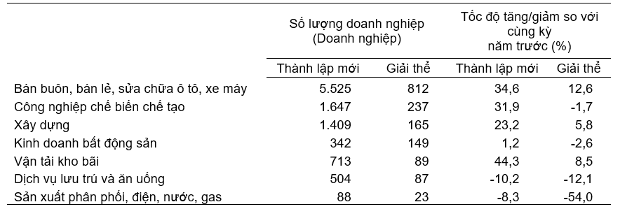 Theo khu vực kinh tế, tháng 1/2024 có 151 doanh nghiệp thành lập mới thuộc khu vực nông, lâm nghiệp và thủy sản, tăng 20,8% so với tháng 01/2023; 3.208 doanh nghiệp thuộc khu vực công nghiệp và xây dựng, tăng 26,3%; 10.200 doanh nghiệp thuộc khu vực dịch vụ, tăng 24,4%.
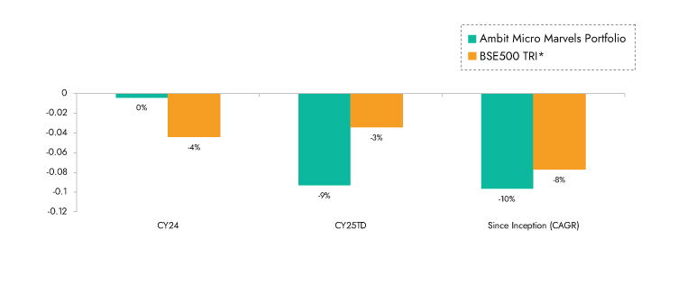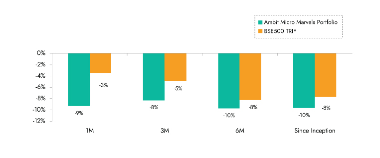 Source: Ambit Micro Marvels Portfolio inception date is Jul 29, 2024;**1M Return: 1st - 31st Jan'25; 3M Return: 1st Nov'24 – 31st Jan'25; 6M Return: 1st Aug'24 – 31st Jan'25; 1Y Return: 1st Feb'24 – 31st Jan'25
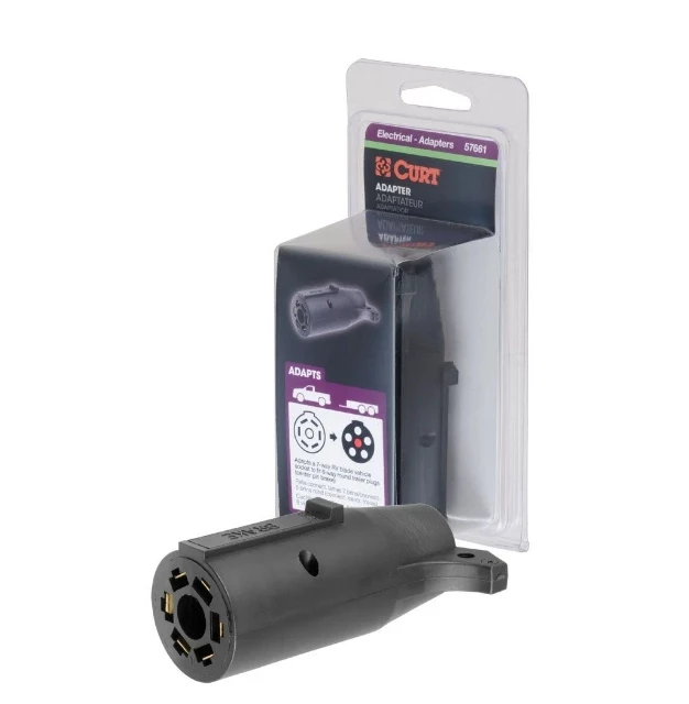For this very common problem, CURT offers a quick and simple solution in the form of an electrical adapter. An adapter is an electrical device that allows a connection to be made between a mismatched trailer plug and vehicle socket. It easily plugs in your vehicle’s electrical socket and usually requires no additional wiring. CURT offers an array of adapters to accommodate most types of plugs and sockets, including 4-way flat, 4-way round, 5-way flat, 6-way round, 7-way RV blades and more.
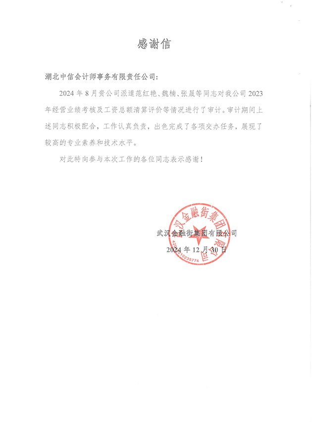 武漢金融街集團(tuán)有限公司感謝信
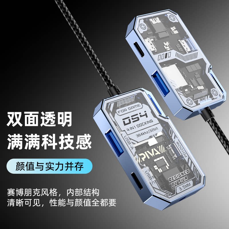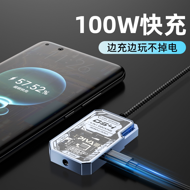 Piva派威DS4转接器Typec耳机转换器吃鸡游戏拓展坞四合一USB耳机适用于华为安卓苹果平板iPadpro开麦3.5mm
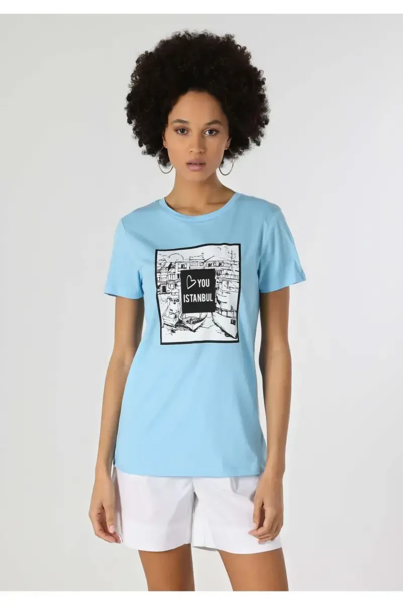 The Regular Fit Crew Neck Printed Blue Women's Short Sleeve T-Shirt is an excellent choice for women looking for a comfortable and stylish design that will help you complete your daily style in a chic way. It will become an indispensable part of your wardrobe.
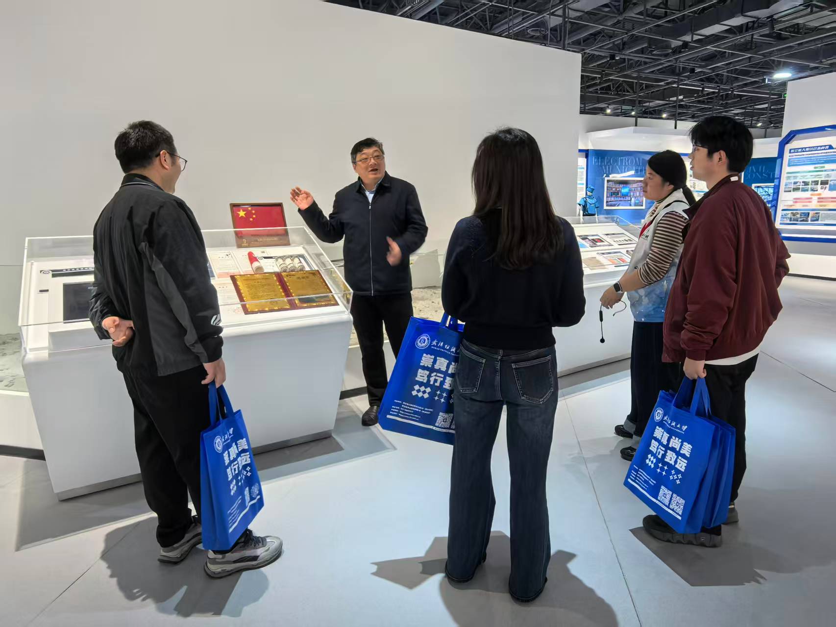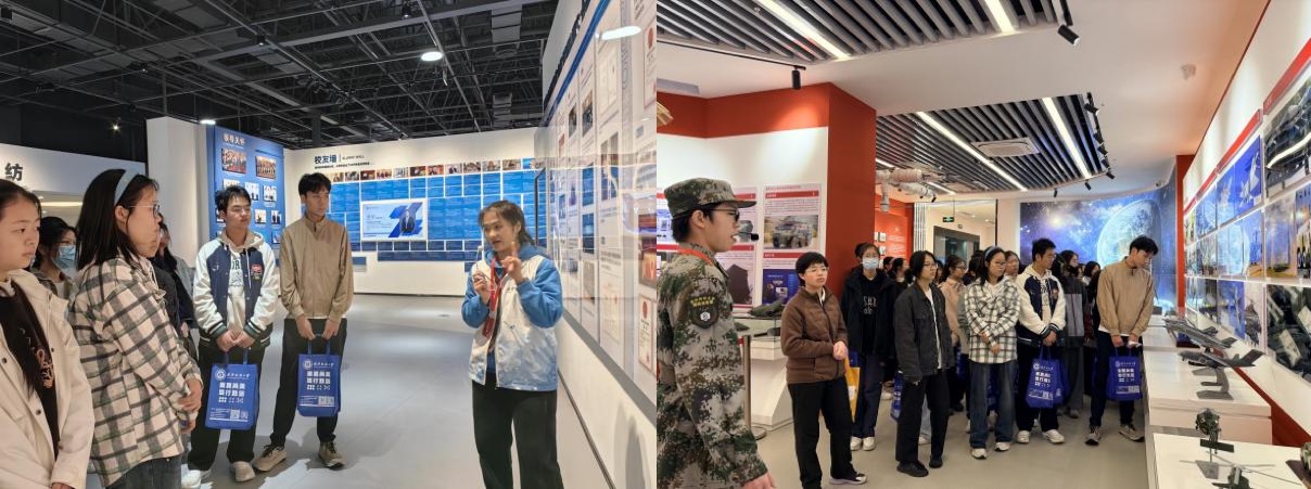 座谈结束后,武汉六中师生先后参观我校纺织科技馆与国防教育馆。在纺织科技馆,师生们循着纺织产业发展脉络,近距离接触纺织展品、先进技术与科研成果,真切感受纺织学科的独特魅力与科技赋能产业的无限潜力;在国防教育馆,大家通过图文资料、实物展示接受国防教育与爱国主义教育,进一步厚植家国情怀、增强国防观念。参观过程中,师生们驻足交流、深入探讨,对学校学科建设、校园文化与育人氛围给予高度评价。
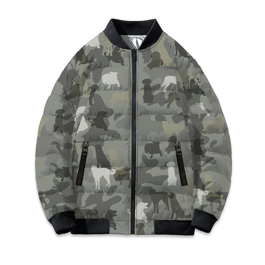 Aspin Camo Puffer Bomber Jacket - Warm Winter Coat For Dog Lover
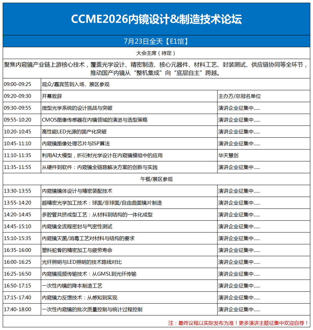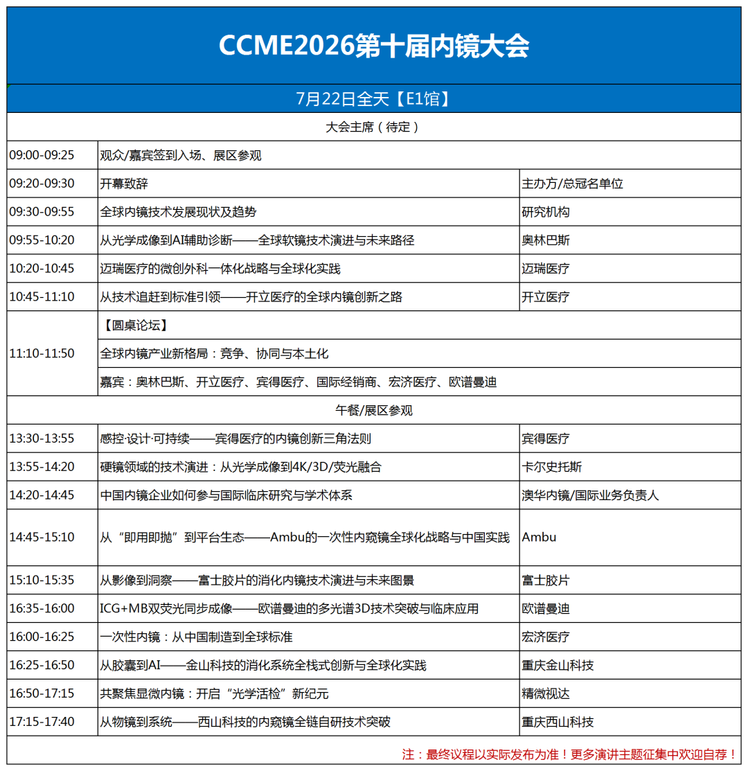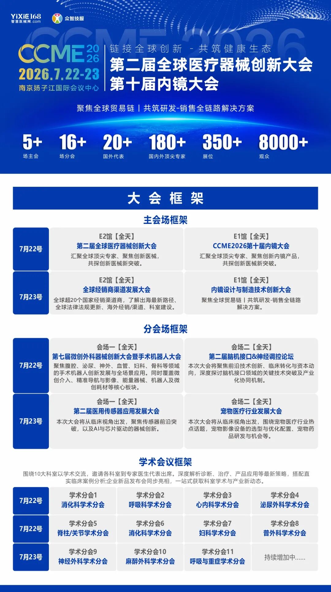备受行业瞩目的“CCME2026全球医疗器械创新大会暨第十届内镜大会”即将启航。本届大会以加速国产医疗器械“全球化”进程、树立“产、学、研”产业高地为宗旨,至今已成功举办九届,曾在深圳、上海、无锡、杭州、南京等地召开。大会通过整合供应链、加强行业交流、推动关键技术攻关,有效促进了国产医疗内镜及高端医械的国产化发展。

Problem to work on - In the records above, locate the line containing "座谈结束后,武汉六中师生先后", then copy exactly that line and every line after it through the end, omitting pictures.

Answer box -
 座谈结束后,武汉六中师生先后参观我校纺织科技馆与国防教育馆。在纺织科技馆,师生们循着纺织产业发展脉络,近距离接触纺织展品、先进技术与科研成果,真切感受纺织学科的独特魅力与科技赋能产业的无限潜力;在国防教育馆,大家通过图文资料、实物展示接受国防教育与爱国主义教育,进一步厚植家国情怀、增强国防观念。参观过程中,师生们驻足交流、深入探讨,对学校学科建设、校园文化与育人氛围给予高度评价。
 Aspin Camo Puffer Bomber Jacket - Warm Winter Coat For Dog Lover
备受行业瞩目的“CCME2026全球医疗器械创新大会暨第十届内镜大会”即将启航。本届大会以加速国产医疗器械“全球化”进程、树立“产、学、研”产业高地为宗旨,至今已成功举办九届,曾在深圳、上海、无锡、杭州、南京等地召开。大会通过整合供应链、加强行业交流、推动关键技术攻关,有效促进了国产医疗内镜及高端医械的国产化发展。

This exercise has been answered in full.